A few years ago, I had the opportunity to hear the Dalai Lama speak when he was in Calgary, Alberta.
At the conclusion of his talk, he took a few questions from the audience and I was fortunate enough to be able to ask him about public engagement.
I asked, “What, if anything, should we do about people who do not want to be involved in community?”
His response was something like this:
There are two kinds of people. First are the people who care and are involved. You can say to the, come, help us learn. Be part of this. The second kind are people who do not want to be involved. This is okay. Just leave them alone. Let them live in peace. They are not hurting anyone.
After conferring with is interpreter, he added this to his initial answer:
Oh! There is a third kind of person. This kind of person wants to be involved so that they can cause trouble. They like to cause trouble. They like to make problems. They aren’t trying to help. Those people – ignore them. Don’t include them.
He’s right. Of course.
How often have we all suffered the effects of involving those who we know to be troublemakers?
It sometimes feels like 90% of your time is spent working with 10% (or less) of the people. It’s painful and it doesn’t sit right. You know there has to be a better way.
Does his advice mean that, as government employees, we can truly decide to ignore people or fail to extend an invitation to them to participate? I don’t think that’s what it means. I think what it means is that we use our resources responsibly and expect others to do the same.
It means that it should be okay to say no. Okay to say enough. Okay to say, you’ve had your time, now we’re going to focus on another person, another question, another issue. We are not going to let you eat up all of our resources – be it staff, materials, time or energy.

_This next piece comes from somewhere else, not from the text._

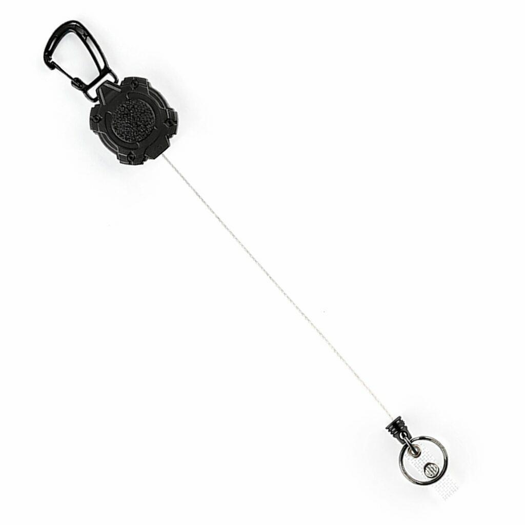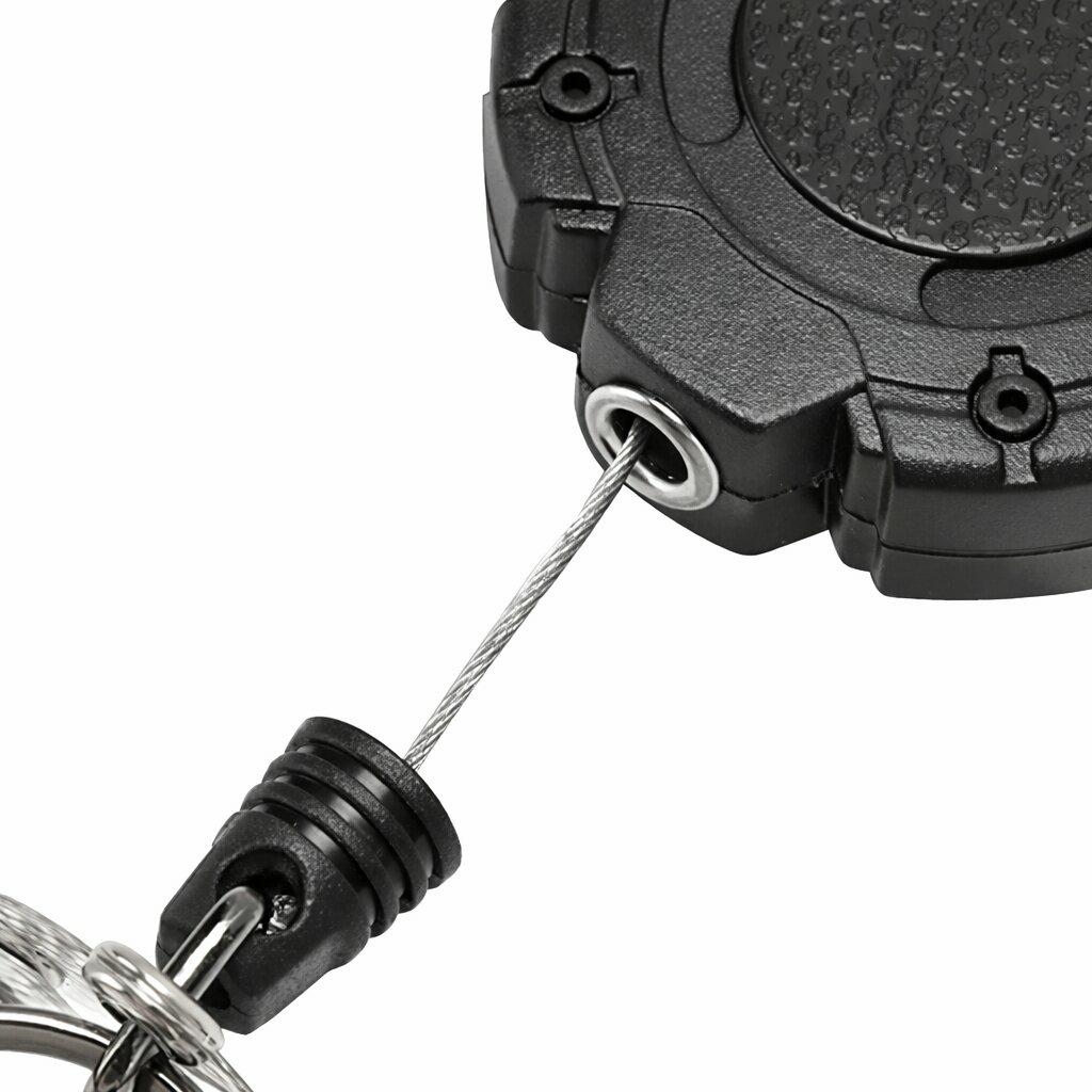Zestaw dwóch retraktorów z linką zwijaną ułatwia codzienne korzystanie z kluczy, identyfikatora lub karty dostępu bez konieczności ich odpinania. Mechanizm zwijany pozwala wysunąć linkę do pełnej długości, a następnie automatycznie ją zwinąć po zwolnieniu. Metalowy karabińczyk umożliwia przypięcie retraktora do paska, torby lub plecaka, a z drugiej strony znajduje się kółko do zamocowania kluczy lub uchwytu.

Doesn’t this seem wise to you? To set limits? Whether it’s public engagement or customer service, if we allow people to run slipshod over processes and take up time, we end up failing to serve others. This is not what participation is about. This is not what responsible citizenry is about.
When we expend too much on one person, we are doing a disservice to other citizens. Moreover, we are failing to use what we have to offer in a way that is wise and respectful.
Let’s not reward selfish behaviour. Let’s not enable this behaviour. Let’s not negotiate absolutely everything. Let’s set responsible limits that encourage participation and service in a way that causes no harm or deficit of resources to others.
The Dalai Lama. One very wise public servant.